### TO DO:
Give the data again word for word; drop the pictures.

### GIVEN INFORMATION:
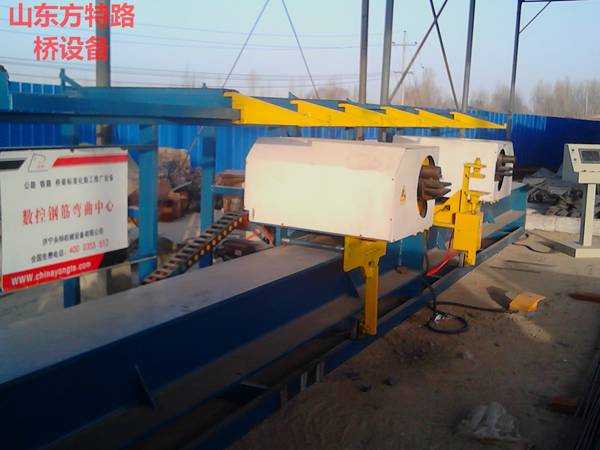 数控钢筋弯曲机是山东方特路桥设备有限公司专为高层建筑、高速公路、高速铁路、大型桥梁等工程混凝土结构内主骨架钢筋的弯曲加工高性能产品,最大能加工直径φ36mm的高强度螺纹钢。本机特点是中间有一个钢筋加紧机构,有两个机头在特定的轨道上可以自由移动弯曲。具备在一个工作单元内同时进行
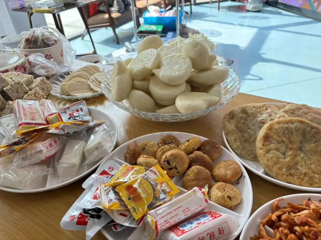 香味四溢的美食吸引全體同事駐足品嘗,大家圍著桌子不停自轉,這個好吃,那個美味,這是啥,那個是啥?一邊品嘗、一邊點評、嘻嘻哈哈、好不熱鬧。
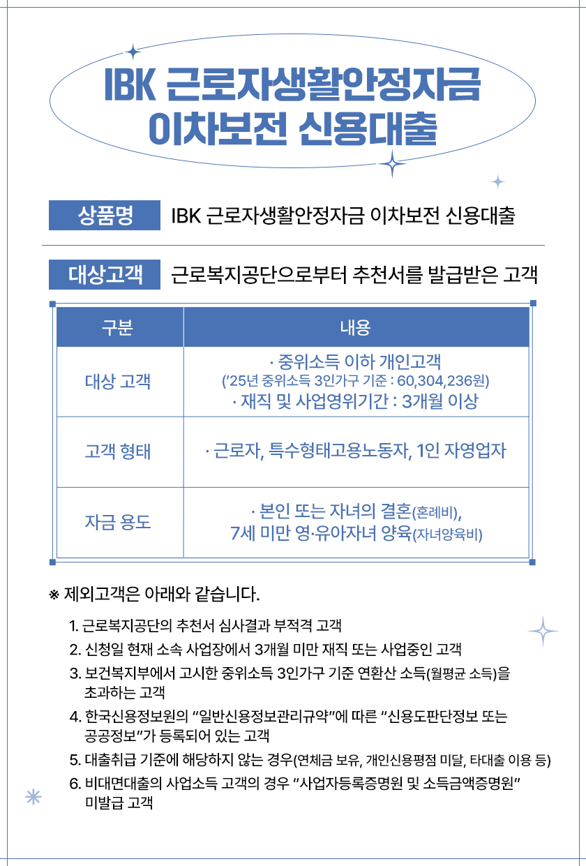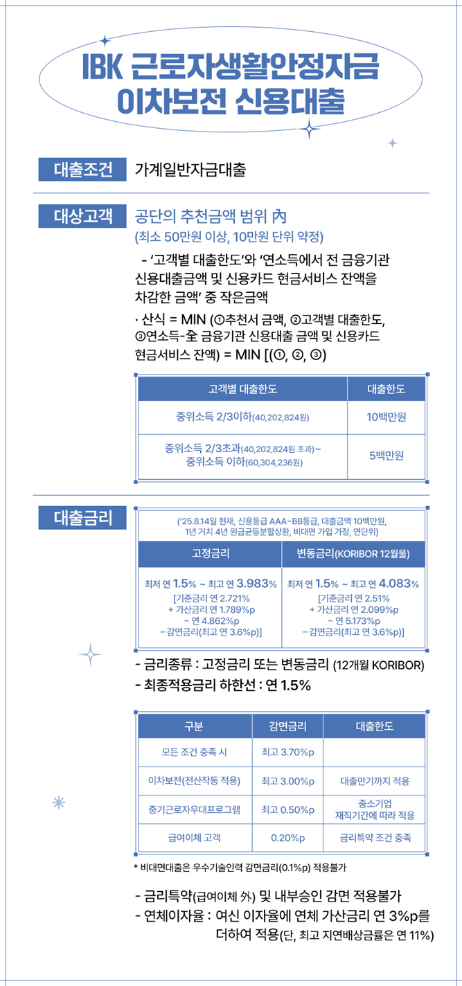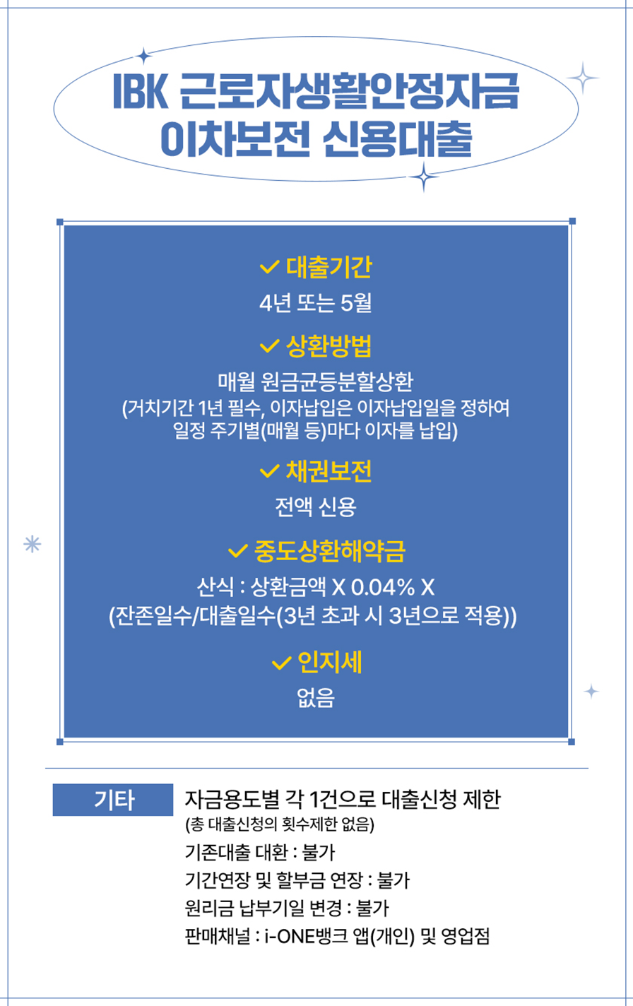 IBK 근로자생활안정자금 이차보전 신용대출을 제공합니다.

### RESULT OF THIS TASK:
 数控钢筋弯曲机是山东方特路桥设备有限公司专为高层建筑、高速公路、高速铁路、大型桥梁等工程混凝土结构内主骨架钢筋的弯曲加工高性能产品,最大能加工直径φ36mm的高强度螺纹钢。本机特点是中间有一个钢筋加紧机构,有两个机头在特定的轨道上可以自由移动弯曲。具备在一个工作单元内同时进行
 香味四溢的美食吸引全體同事駐足品嘗,大家圍著桌子不停自轉,這個好吃,那個美味,這是啥,那個是啥?一邊品嘗、一邊點評、嘻嘻哈哈、好不熱鬧。
 IBK 근로자생활안정자금 이차보전 신용대출을 제공합니다.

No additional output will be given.